RAW DATA
- - - - - - -
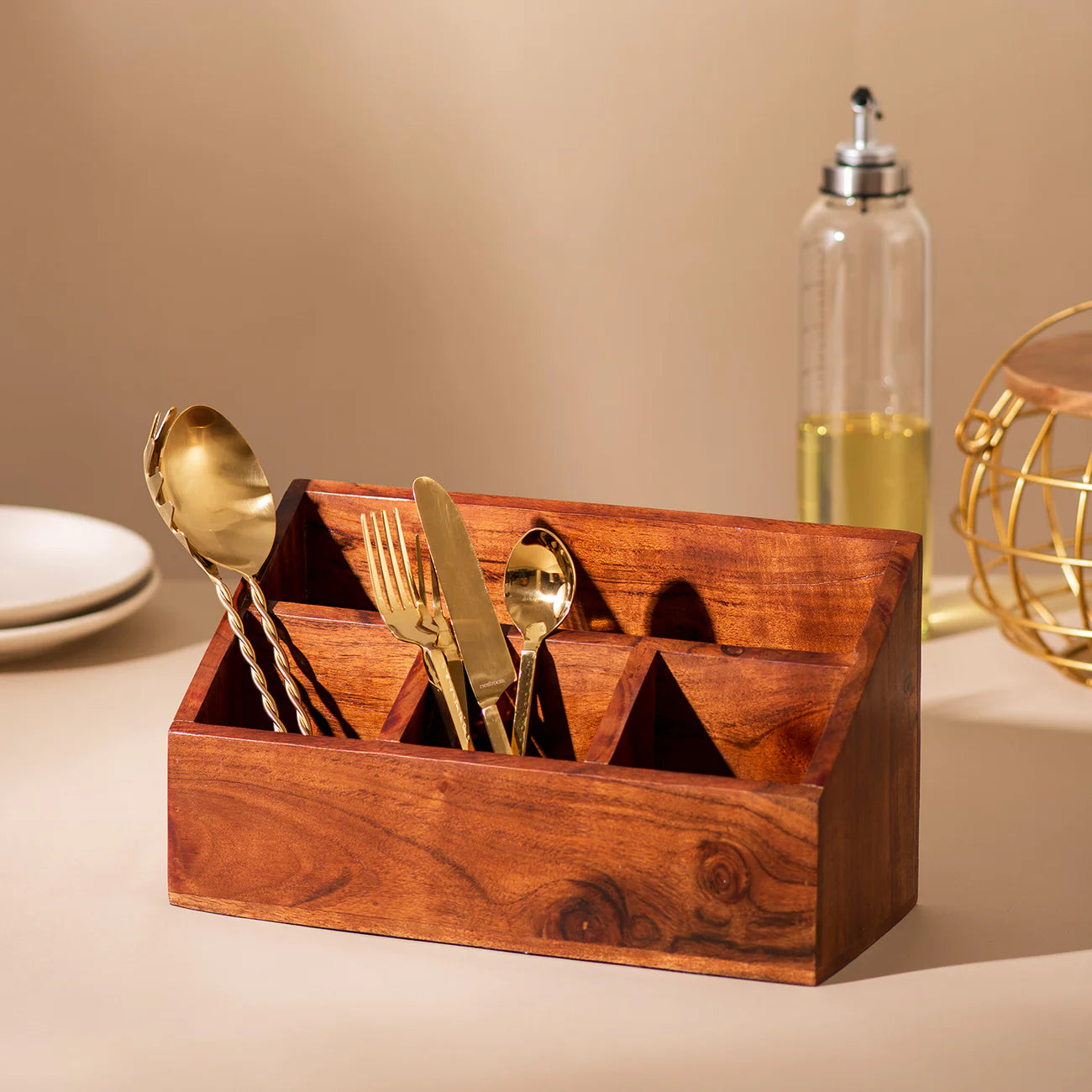 Add a touch of elegance and organization to your dining space with our handcrafted Wooden Cutlery Holder. Made from premium quality wood, this holder is designed to keep your spoons, forks, and knives neatly arranged while adding a rustic yet modern charm to your table. Its durable build ensures long-lasting use, while the smooth finish enhances the natural grain of the wood. Perfect for everyday meals or special gatherings, it helps keep your cutlery accessible and your dining area clutter-free. A versatile accessory, it can also be used to store straws, napkins, or kitchen tools with style.
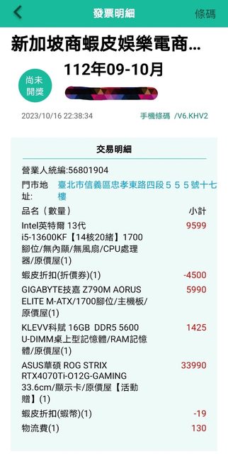 購買後會提供發票. 購買證明. RMA相關截圖
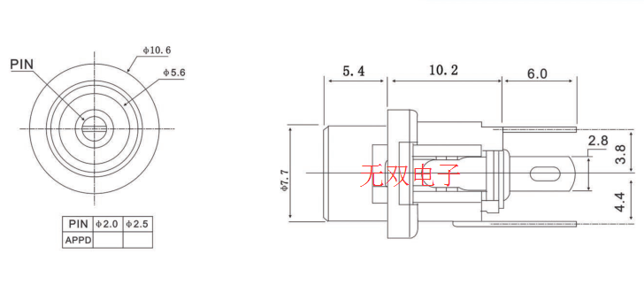 產(chǎn)品描述:內(nèi)徑5.6,針大小2.0/2.5,可以對(duì)插5.5*2.1,5.5*2.5公頭
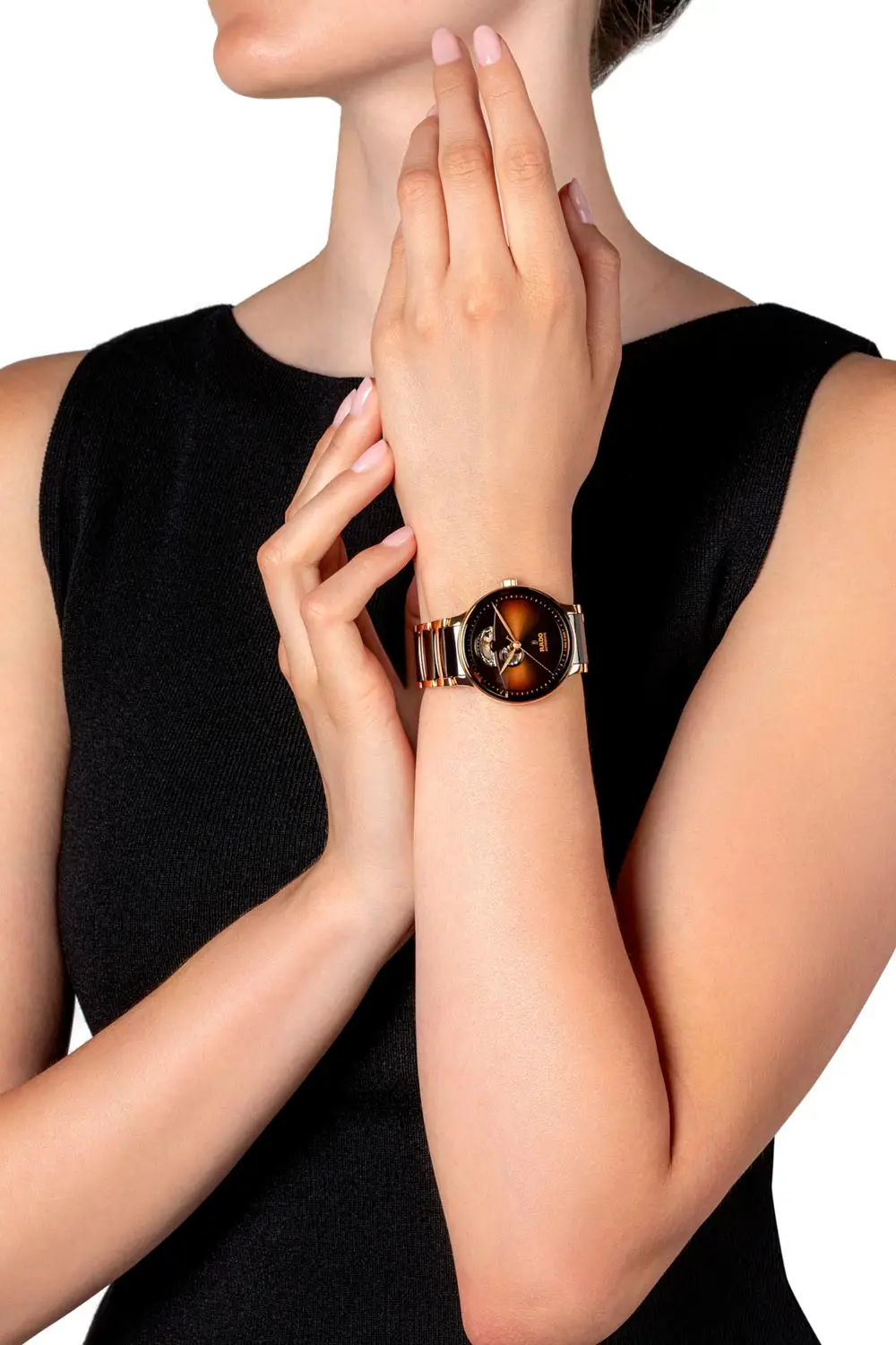 Mặt số màu nâu với thiết kế Open Heart để lộ bộ máy cơ tự động chính xác cùng dự trữ năng lượng khoảng 80 giờ. Kính sapphire bảo vệ mặt số, đảm bảo độ rõ nét và độ bền tối đa. Dây đeo màu nâu làm từ gốm, thép không gỉ và mạ vàng hồng được trang bị khóa gập để mang lại sự an toàn và thoải mái khi đeo.
- - - - - - -
Your copy should consist only of the lines from the line holding "購買後會提供發票. 購買證明. RMA相關截圖" through the final line of the listing above, both included, with all pictures omitted.

 購買後會提供發票. 購買證明. RMA相關截圖
 產(chǎn)品描述:內(nèi)徑5.6,針大小2.0/2.5,可以對(duì)插5.5*2.1,5.5*2.5公頭
 Mặt số màu nâu với thiết kế Open Heart để lộ bộ máy cơ tự động chính xác cùng dự trữ năng lượng khoảng 80 giờ. Kính sapphire bảo vệ mặt số, đảm bảo độ rõ nét và độ bền tối đa. Dây đeo màu nâu làm từ gốm, thép không gỉ và mạ vàng hồng được trang bị khóa gập để mang lại sự an toàn và thoải mái khi đeo.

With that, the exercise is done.